SRSF1-mediated alternative splicing regulates bladder cancer progression and cisplatin sensitivity through HIF1A/BNIP3/mitophagy axis.

BACKGROUND

Alternative splicing (AS) is consistently linked to tumor progression. SRSF1, the first identified proto-oncogene in the serine/arginine-rich splicing factor (SRSF) protein family, plays a crucial role. However, the specific functions and potential mechanisms of SRSF1 in advancing bladder cancer (BCa) progression and influencing chemosensitivity remain largely unexplored.

METHODS

The expression of SRSF1 in BCa tissues and cell lines was investigated using quantitative real-time PCR (RT-qPCR) and western blotting. Survival analysis was employed to examine the association between SRSF1 expression and prognosis of BCa. The functions of SRSF1 were evaluated through proliferation assays, migration assays, IC50 determination assays, and tumorigenesis assays in nude mice. Subsequent RNA sequencing validated the relationship between SRSF1 alternative splicing and the mitophagy pathway. Mitochondrial membrane potential (MMP) was assessed using JC-1 staining. Mitophagy and autophagic flux were quantified using transmission electron microscopy and fluorescence imaging. RNA immunoprecipitation, CUT & RUN assays, and luciferase reporter assays were performed to validate the SRSF1/HIF1A/BNIP3 axis.

RESULTS

High expression of SRSF1 in BCa was significantly associated with poor prognosis.

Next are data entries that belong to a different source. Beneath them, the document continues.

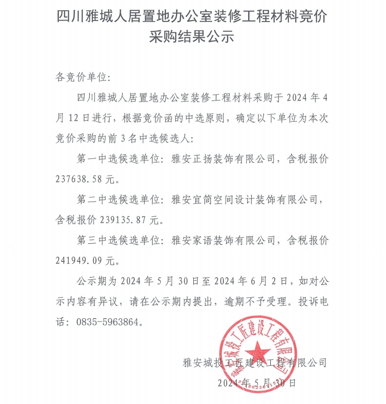 四川雅城人居置地辦公室裝修工程材料競價采購結(jié)果公示
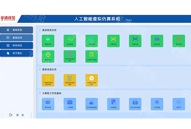 理论教学部分依托人工智能虚拟仿真教学子系统,将机器视觉、机器学习、深度学习基础、NLP - 循环神经网络、CV-NLP-Transformer、大模型工作流编排逻辑、知识库构建原理及智能对话综合项目场景(如对话意图识别、上下文理解)等抽象 AI 与 NLP 知识,通过具象化解析、可视化教学、交互式参数设置等方式具象呈现。学生可直观掌握 WordEmbedding 词嵌入原理、Transformer 注意力机制在对话中的应用、大模型 Agent 工具调用逻辑,搭配动态代码生成功能查看对话相关 Python 代码,实现从抽象概念到具象认知的高效学习。
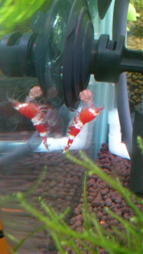 レッドファイヤーの抱卵を期待していますが、なぜかKYなことにヤマトが抱卵してしまいました… 海水なんて作れないし、それを入れる水槽もないし…現状見殺しにするしかないみたい、心が痛みますが…
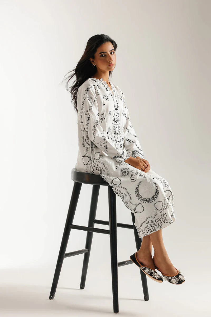 Step into classic sophistication with this beautifully embroidered suit. The crisp white fabric provides the perfect canvas for the intricate black embroidery, featuring elegant floral and vine patterns that flow across the shirt. The delicate lace trim along the neckline and cuffs adds a touch of refined femininity. The ensemble is completed with matching white trouser, creating a timeless and cohesive look. This suit is an ideal choice for a graceful, polished aesthetic, perfect for both formal and semi-formal occasions.
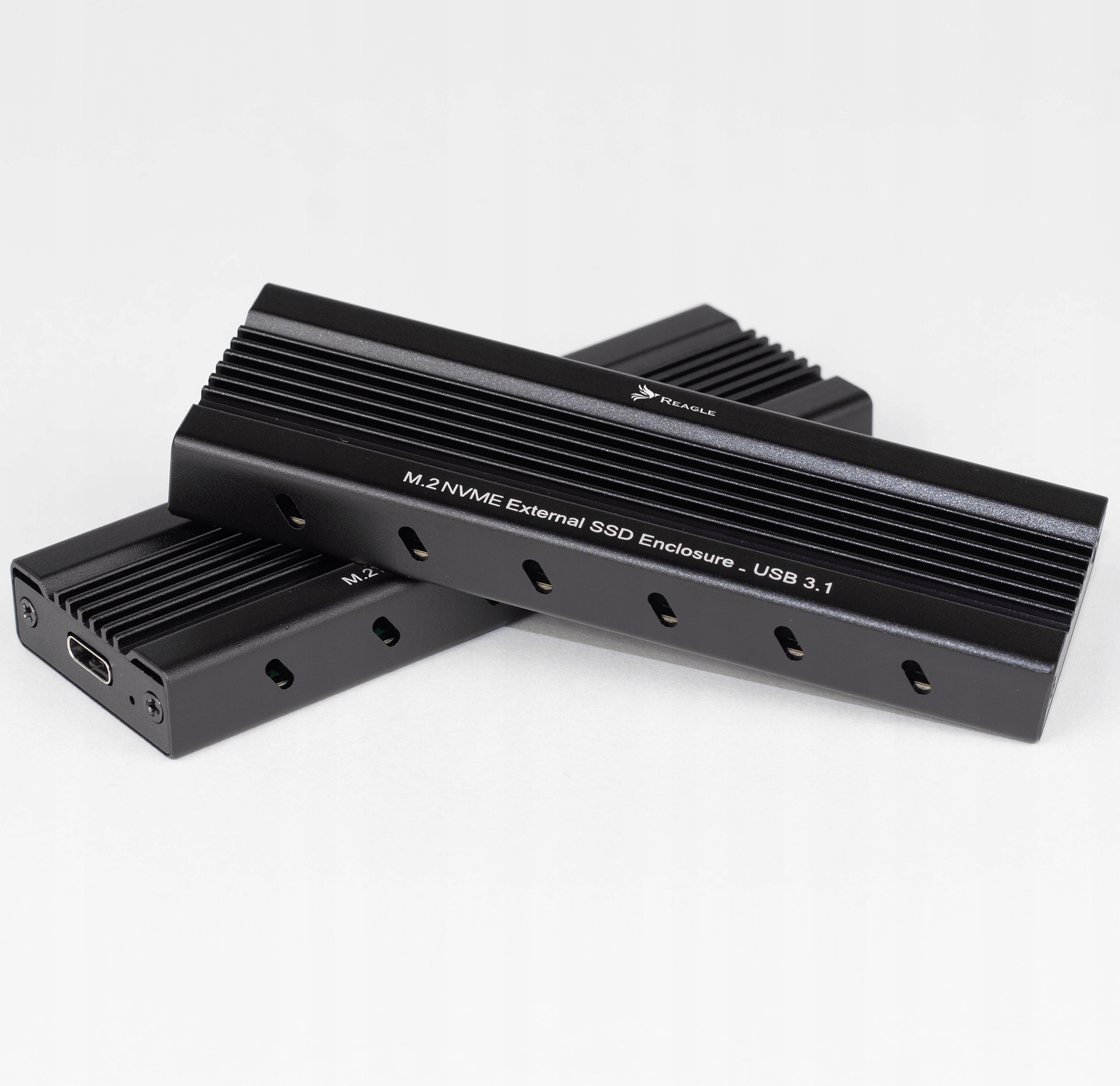 Корпус Reagle изготовлен из алюминия и имеет отверстия для обеспечения циркуляции воздуха. Его прочная конструкция эффективно защищает диск от повреждений. Специальная теплопроводящая лента, входящая в комплект, снижает температуру диска. Небольшой размер корпуса позволяет брать его с собой в дорогу, он занимает очень мало места и легко помещается в рюкзак или женскую сумочку.
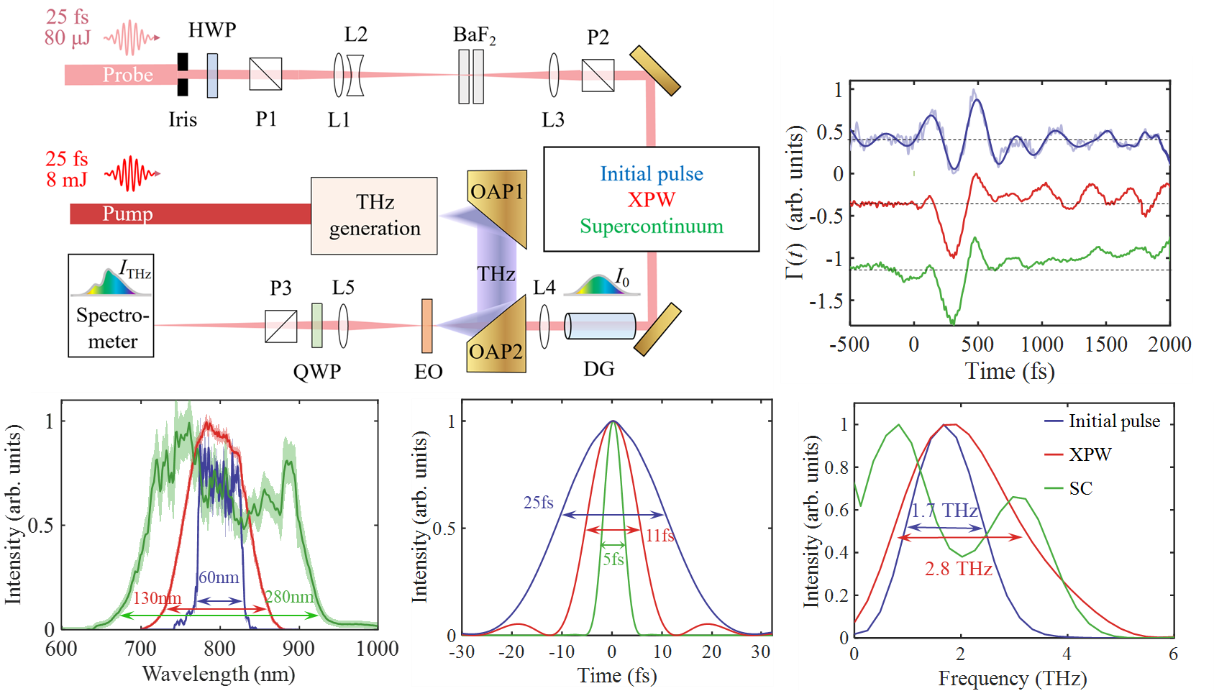 近日,我校数理学院刘建胜课题组提出了一种基于交叉偏振波(XPW)的改进型电光采样技术,实现了宽带太赫兹辐射的高时间分辨率、高信噪比单次相干探测。该研究通过双BaF₂晶体构型,显著优化了探测性能,系统测量带宽达2.8 THz,最高响应频率延伸至5 THz,为宽带太赫兹源表征和太赫兹时域光谱诊断提供了新的解决方案。该研究成果近期以“Modified spectral encoding for single-shot broadband terahertz detection based on cross-polarized wave”为题,于2026年3月17日在线发表于美国应用物理联合会权威期刊Applied Physics Letters,并被选为Editor's Pick。上海师范大学为唯一署名单位,数理学院毕业博士生王健硕和在读博士生焦旭辉为论文共同第一作者,秦志勇副研究员、余昌海副研究员以及刘建胜研究员为论文通讯作者。
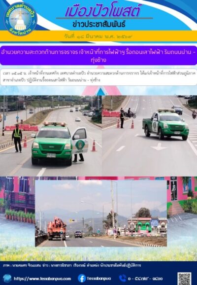 วันที่ ๑๘ มีนาคม พ.ศ. ๒๕๖๙ เวลา ๑๕.๑๕ น. เจ้าหน้าที่งานเทศกิจ เทศบาลตำบลปัว อำนวยความสะดวกด้านการจราจร ให้แก่เจ้าหน้าที่การไฟฟ้าส่วนภูมิภาค สาขาอำเภอปัว ปฏิบัติงานรื้อถอนเสาไฟฟ้า ริมถนนน่าน – ทุ่งช้าง
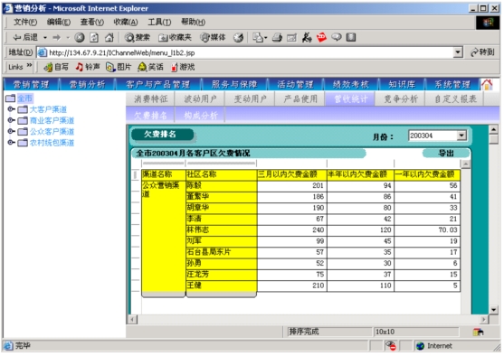 本系統(tǒng)通過(guò)對(duì)本地計(jì)費(fèi)帳務(wù)系統(tǒng)、網(wǎng)間結(jié)算系統(tǒng)、1000號(hào)客戶服務(wù)系統(tǒng)、“九七工程”系統(tǒng)、資源管理系統(tǒng)的動(dòng)態(tài)相關(guān)數(shù)據(jù)的提取,按日(天)記錄并分析開(kāi)展?fàn)I銷服務(wù)工作所需的客戶基本資料、客戶關(guān)系資料、客戶收入信息、客戶消費(fèi)行為信息、客戶變動(dòng)信息、客戶障礙信息、客戶投訴信息、客戶競(jìng)爭(zhēng)動(dòng)態(tài)信息等支撐信息,指導(dǎo)各類客戶經(jīng)理開(kāi)展有針對(duì)性營(yíng)銷服務(wù)工作。
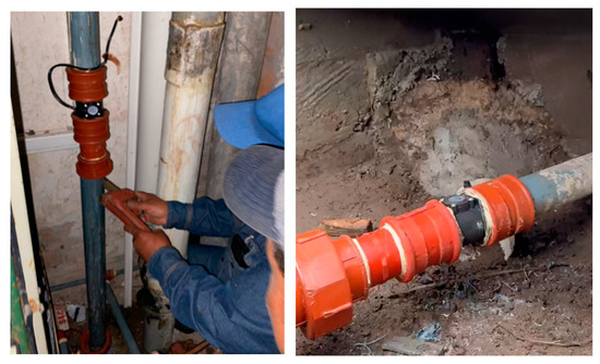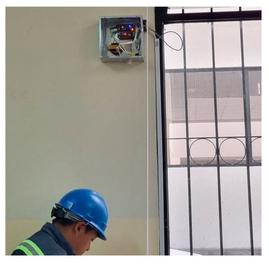 Previously, only one IoT device was available in the administrative building. However, the implementation of another similar device was carried out in Block B (Figure 3 and Figure 4), with the collaboration of students studying Installations in Smart Buildings, who were supervised by Engineer David Carrera, PhD. The devices were synchronized with the online platform https://thingSpeak/ and http://thinger.io/ (accessed on 30 July 2024) and a verification of the condition of the pipes in Blocks A, B, C, and D was carried out. In addition, the availability of the Wi-Fi network was evaluated to avoid possible data loss due to a poor signal. A verification of the diameter of the pipes was also carried out to ensure compliance with the technical specifications [13].
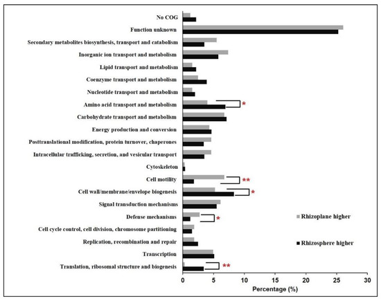 Besides the observed differential expression of genes involved in carbohydrate metabolism between the rhizoplane and rhizosphere, the sulfate transporter-encoding gene (cysPUWA) and genes involved in assimilatory sulfate reduction (cysNDCHJI and sir) exhibited higher expression levels in the rhizosphere (Figure 3). Sulfur is an essential element for biosynthesis of cellular constituents in bacteria, for instance, it is a universal substrate for cysteine biosynthesis. Furthermore, with the genes that were exhibited, significantly higher expression levels in the rhizosphere were found to be overrepresented in the COG category “Amino acid transport and metabolism” (Figure 4), and several genes involved in amino acid synthesis, such as thrC (threonine synthesis), dapD and dapC (lysine), carA (arginine), and ilvD (isoleucine, leucine, and valine), were observed to exhibit higher expression levels in the rhizosphere (Figure 3). In line with these observations, more genes belonging to the function category “Translation, ribosomal structure, and biogenesis” showed higher expression levels in the rhizosphere, and several ribosome assembly-associated genes, such as rpsK, rpsQ, rplT, and rplN, showed higher expression levels in the rhizosphere (Figure 3 and Figure 4). These results suggested that the cells in the rhizosphere had to synthesize more nutrients by themselves compared with those in the rhizoplane, and further supported the notion that the microbes colonizing the rhizoplane enjoy superior access to plant root exudates, which are rich in easy-to-use nutrients for the microbes, compared with those microbes colonizing the rhizosphere [6,8].
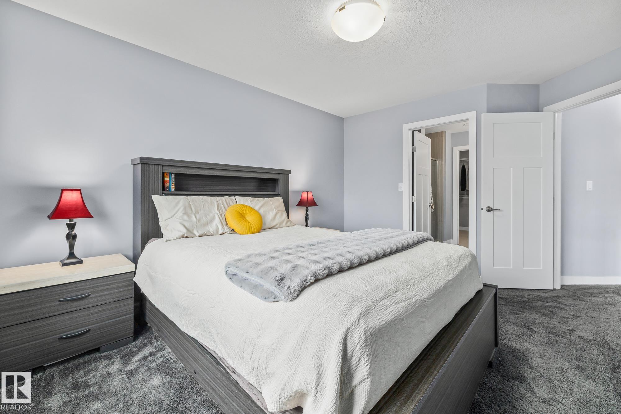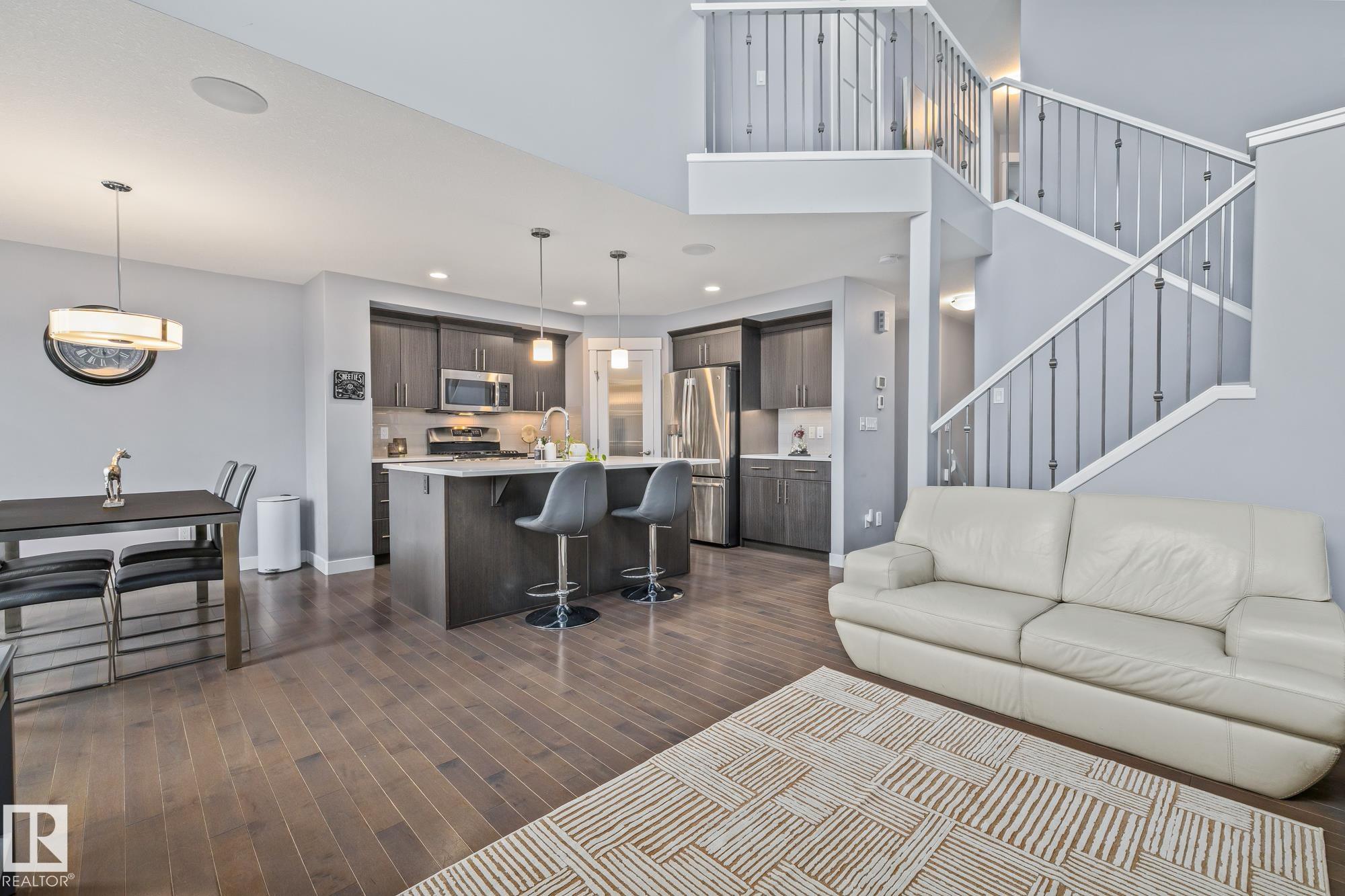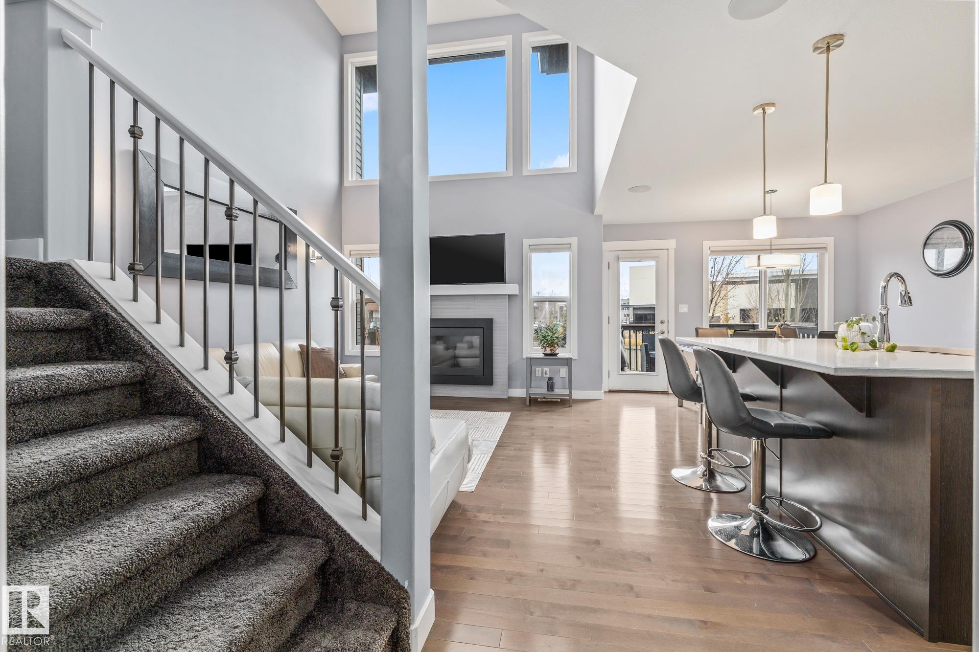 Rarely do you come across a half duplex that features an open-to-below concept, making it feel more open and spacious than any others. This fully upgraded Dolce Vita home is located in a quiet cul de sac in the heart of Windermere, which is surrounded by amenities, and even has an upgraded adjoining wall with extra insulation to minimize noise travel. The main floor welcomes you with a large entryway that leads into the cozy living room with soaring 18ft ceilings, a gas fireplace, and large windows that allow in plenty of sunshine. The kitchen boasts a large island w/ seating, quartz countertops, stainless steel appliances, a gas stove, a walk-in pantry, a comfy dining area, and a central vac kick plate. Upstairs hosts the large primary bedroom with a walkthrough ensuite, featuring dual sinks, and a spacious walk-in closet. Upstairs also has 2 more bedrooms, a 4pc bathroom w/ built-in shelving, and a laundry room for added convenience. The basement is roughed-in and awaits your final touch. Welcome home!
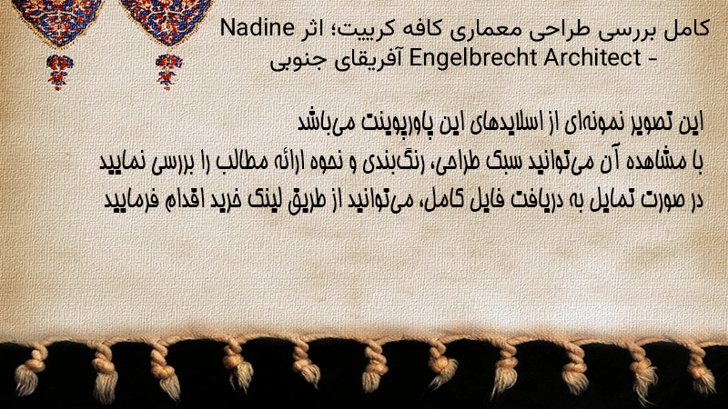 پاورپوینت کامل بررسی طراحی معماری کافه کرییت؛ اثر Nadine Engelbrecht Architect – آفریقای جنوبی
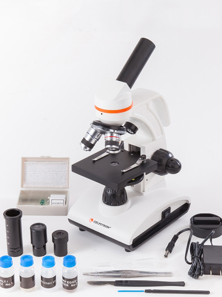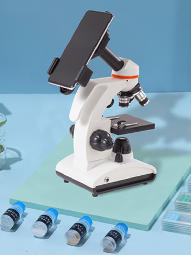 此款全金属专业显微镜,全光学玻璃,大视野,令观察更舒适。利用两种折射率不同的凸透镜及凹透镜胶合以达到消除色差的目的,成像效果比普通物镜更加清晰锐利。镜筒按照人体工程学设计成45°倾斜,观看姿势更加舒适,同时镜筒基座可360°旋转,任何角度都可观看。还可以连接手机,用手机记录细微世界。

SRSF1 promoted the progression of BCa cells and conferred resistance to cisplatin both in vitro and in vivo. Mechanistically, SRSF1 interacted with pre-HIF1A via the RRM1/RRM2 domain, thereby enhancing the production of the transcription factor HIF1A through the alternative splicing pathway. This interaction subsequently activated the HIF1A/BNIP3 axis, which promoted mitophagy in BCa. Ultimately, this led to further progression of bladder cancer and a decrease in cisplatin sensitivity.

CONCLUSIONS

SRSF1 indicated poor prognosis and promoted the progression and cisplatin resistance of BCa cells through the HIF1A/BNIP3/mitophagy axis. It holds significant potential as a novel biomarker for the diagnosis and treatment of BCa, particularly in chemotherapy.